(Items listed in a dataset)
──────

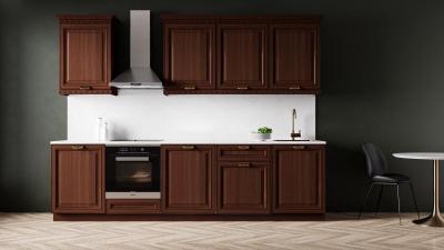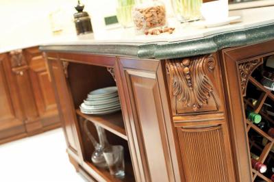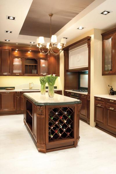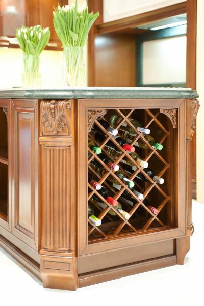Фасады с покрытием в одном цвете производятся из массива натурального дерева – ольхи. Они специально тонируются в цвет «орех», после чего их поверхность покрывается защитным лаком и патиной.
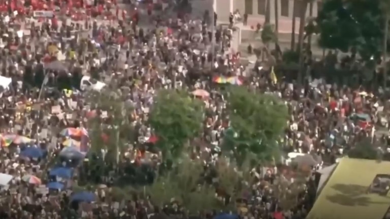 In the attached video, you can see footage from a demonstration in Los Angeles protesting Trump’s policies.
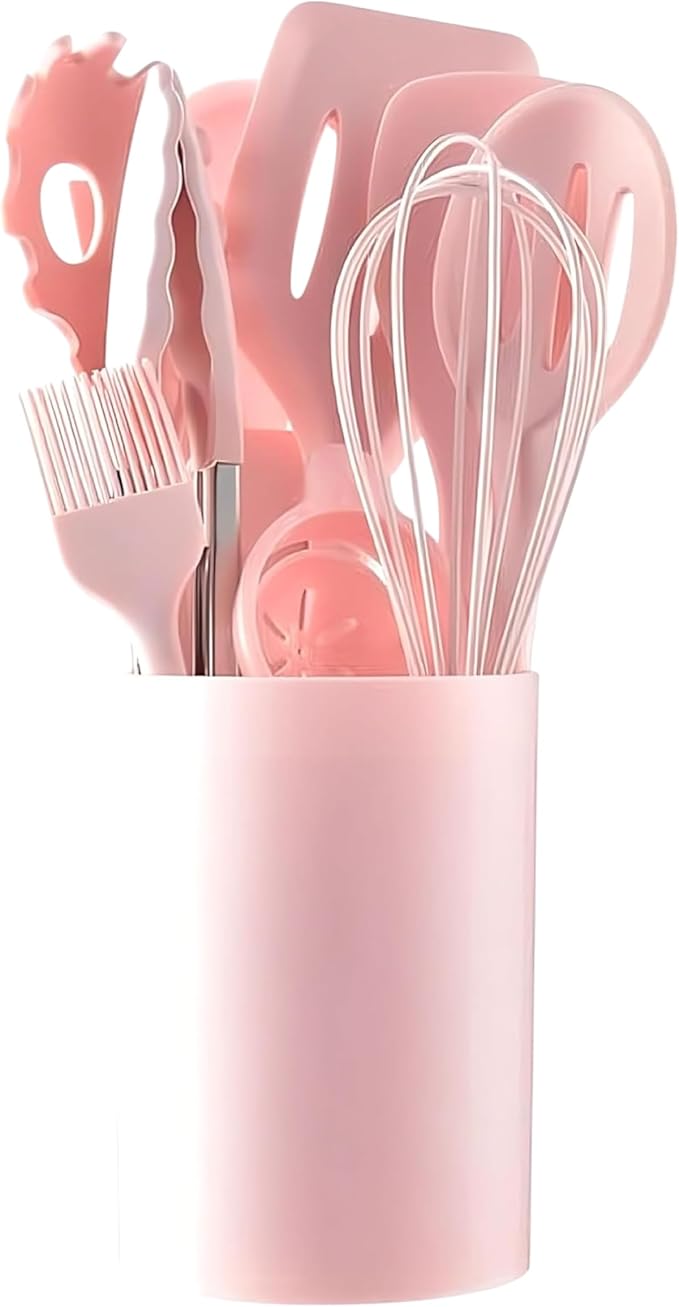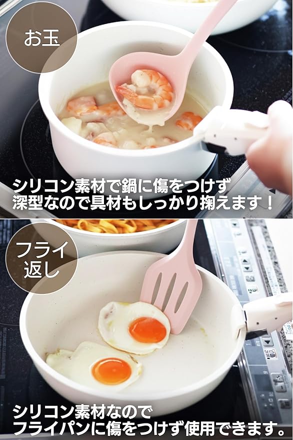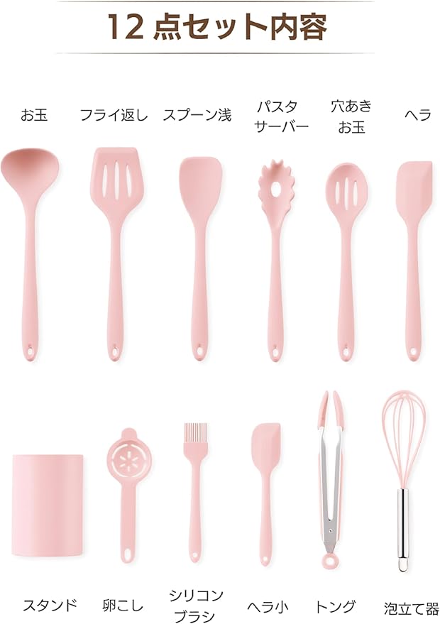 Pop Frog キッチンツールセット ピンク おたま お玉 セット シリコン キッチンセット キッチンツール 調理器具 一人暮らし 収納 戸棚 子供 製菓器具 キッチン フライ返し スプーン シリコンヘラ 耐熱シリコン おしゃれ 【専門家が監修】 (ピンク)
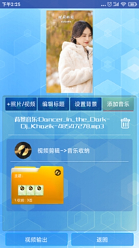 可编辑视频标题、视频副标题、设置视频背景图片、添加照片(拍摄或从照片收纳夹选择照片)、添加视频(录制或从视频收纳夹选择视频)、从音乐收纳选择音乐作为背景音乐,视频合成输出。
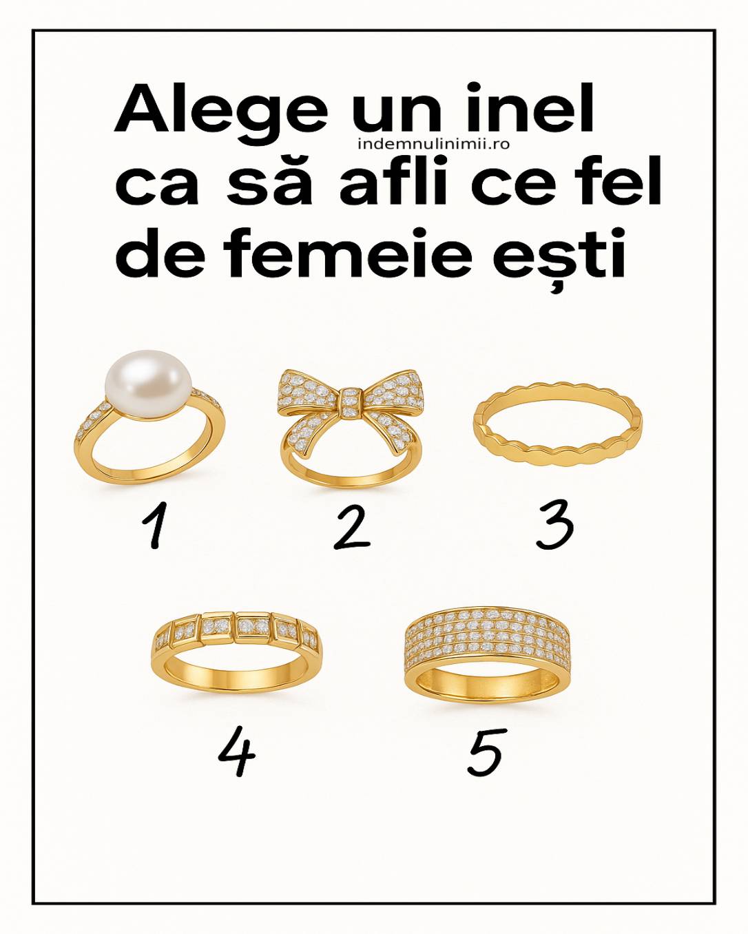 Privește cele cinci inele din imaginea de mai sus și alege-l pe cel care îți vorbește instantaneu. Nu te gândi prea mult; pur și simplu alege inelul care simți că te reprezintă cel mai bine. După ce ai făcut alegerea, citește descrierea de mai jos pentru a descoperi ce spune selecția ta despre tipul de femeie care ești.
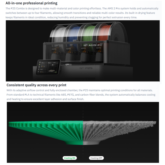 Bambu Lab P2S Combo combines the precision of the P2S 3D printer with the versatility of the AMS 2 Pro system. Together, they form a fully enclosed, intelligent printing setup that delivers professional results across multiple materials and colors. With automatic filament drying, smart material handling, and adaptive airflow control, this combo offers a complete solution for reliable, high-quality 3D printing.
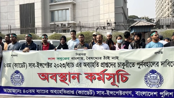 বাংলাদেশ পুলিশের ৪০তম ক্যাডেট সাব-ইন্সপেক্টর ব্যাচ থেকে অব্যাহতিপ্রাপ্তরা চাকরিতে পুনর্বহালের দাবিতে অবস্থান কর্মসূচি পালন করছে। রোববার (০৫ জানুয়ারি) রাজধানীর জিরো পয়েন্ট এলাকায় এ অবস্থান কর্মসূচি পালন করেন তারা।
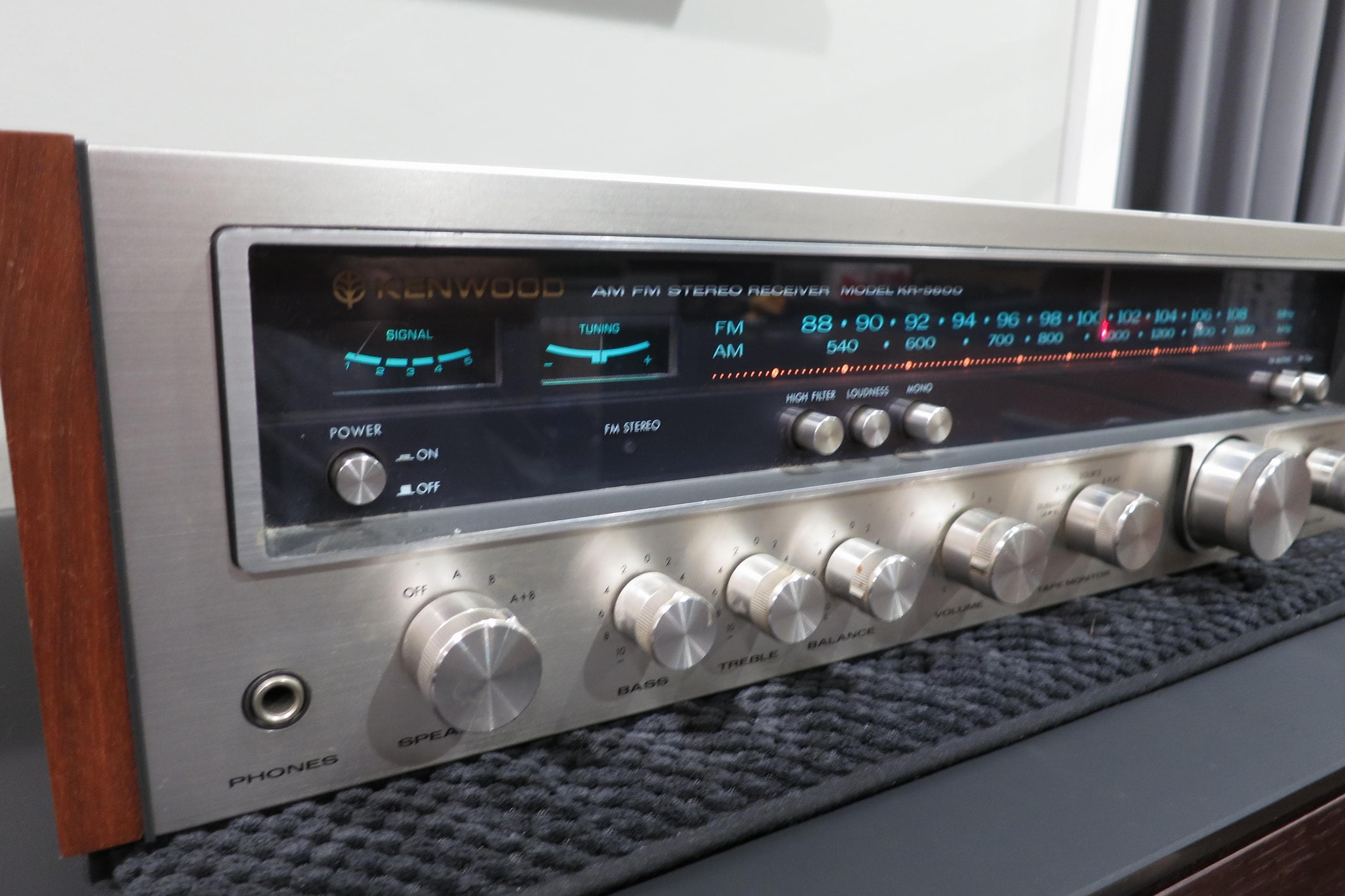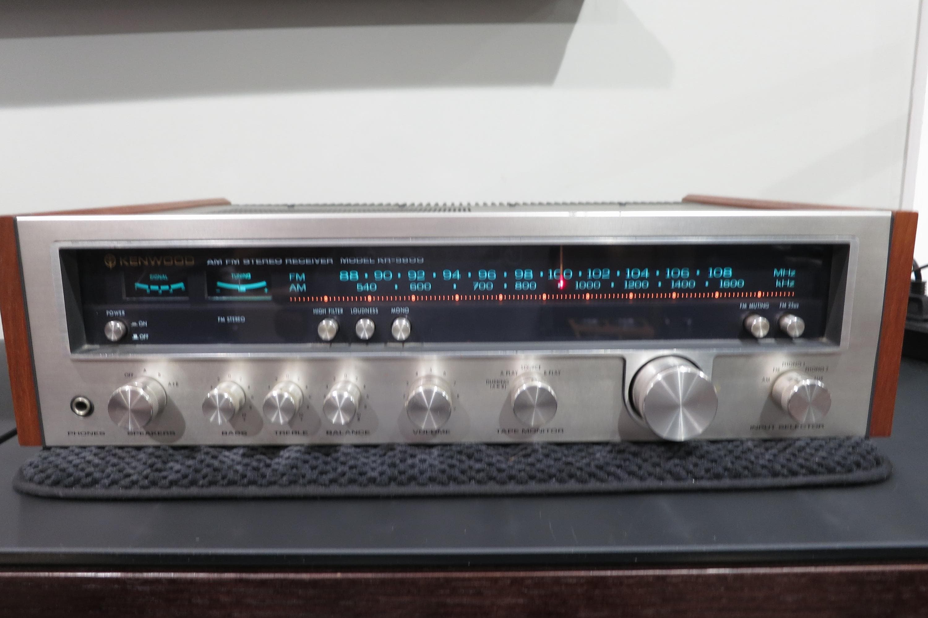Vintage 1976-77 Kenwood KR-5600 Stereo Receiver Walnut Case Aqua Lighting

──────

**Task instructions**
Quote exactly, and nothing besides, the lines from the one with "Bambu Lab P2S" through the end of the records above; include both ends and omit the pictures.

**Answer to this problem**
 Bambu Lab P2S Combo combines the precision of the P2S 3D printer with the versatility of the AMS 2 Pro system. Together, they form a fully enclosed, intelligent printing setup that delivers professional results across multiple materials and colors. With automatic filament drying, smart material handling, and adaptive airflow control, this combo offers a complete solution for reliable, high-quality 3D printing.
 বাংলাদেশ পুলিশের ৪০তম ক্যাডেট সাব-ইন্সপেক্টর ব্যাচ থেকে অব্যাহতিপ্রাপ্তরা চাকরিতে পুনর্বহালের দাবিতে অবস্থান কর্মসূচি পালন করছে। রোববার (০৫ জানুয়ারি) রাজধানীর জিরো পয়েন্ট এলাকায় এ অবস্থান কর্মসূচি পালন করেন তারা।
Vintage 1976-77 Kenwood KR-5600 Stereo Receiver Walnut Case Aqua Lighting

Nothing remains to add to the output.